▶ [COLLECTED MATERIAL]:
────────

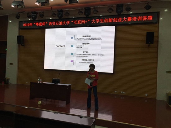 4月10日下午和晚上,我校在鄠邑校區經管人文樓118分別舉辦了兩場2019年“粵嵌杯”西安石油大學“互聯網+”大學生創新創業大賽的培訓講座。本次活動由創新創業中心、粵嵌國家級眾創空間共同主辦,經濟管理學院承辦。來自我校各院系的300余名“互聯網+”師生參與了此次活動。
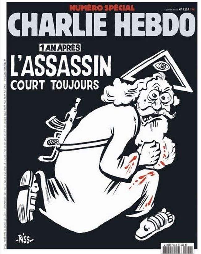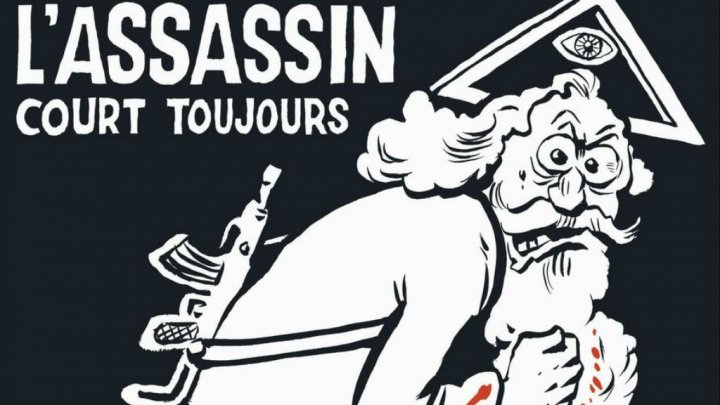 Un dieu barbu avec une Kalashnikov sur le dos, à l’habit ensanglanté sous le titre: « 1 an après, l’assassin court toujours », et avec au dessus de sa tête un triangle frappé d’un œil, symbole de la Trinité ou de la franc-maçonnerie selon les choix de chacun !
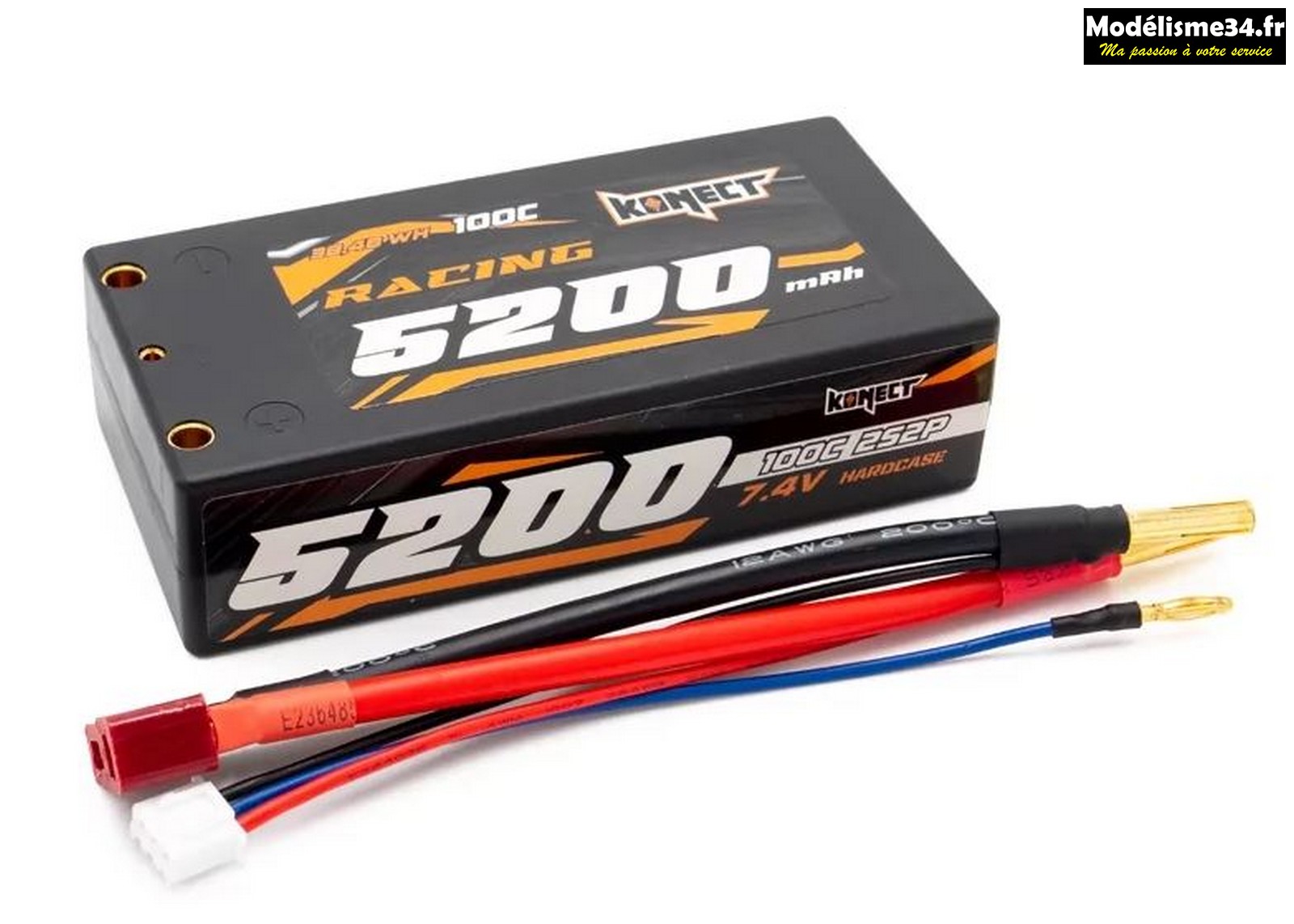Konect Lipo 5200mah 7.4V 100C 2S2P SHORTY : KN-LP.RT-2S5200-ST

────────

Beginning with the line that holds "Un dieu barbu", write out exactly the lines down to the end of the material above, and no others. Pictures are not part of the copy.

▶ [RESPONSE TO THIS TASK]:
 Un dieu barbu avec une Kalashnikov sur le dos, à l’habit ensanglanté sous le titre: « 1 an après, l’assassin court toujours », et avec au dessus de sa tête un triangle frappé d’un œil, symbole de la Trinité ou de la franc-maçonnerie selon les choix de chacun !
Konect Lipo 5200mah 7.4V 100C 2S2P SHORTY : KN-LP.RT-2S5200-ST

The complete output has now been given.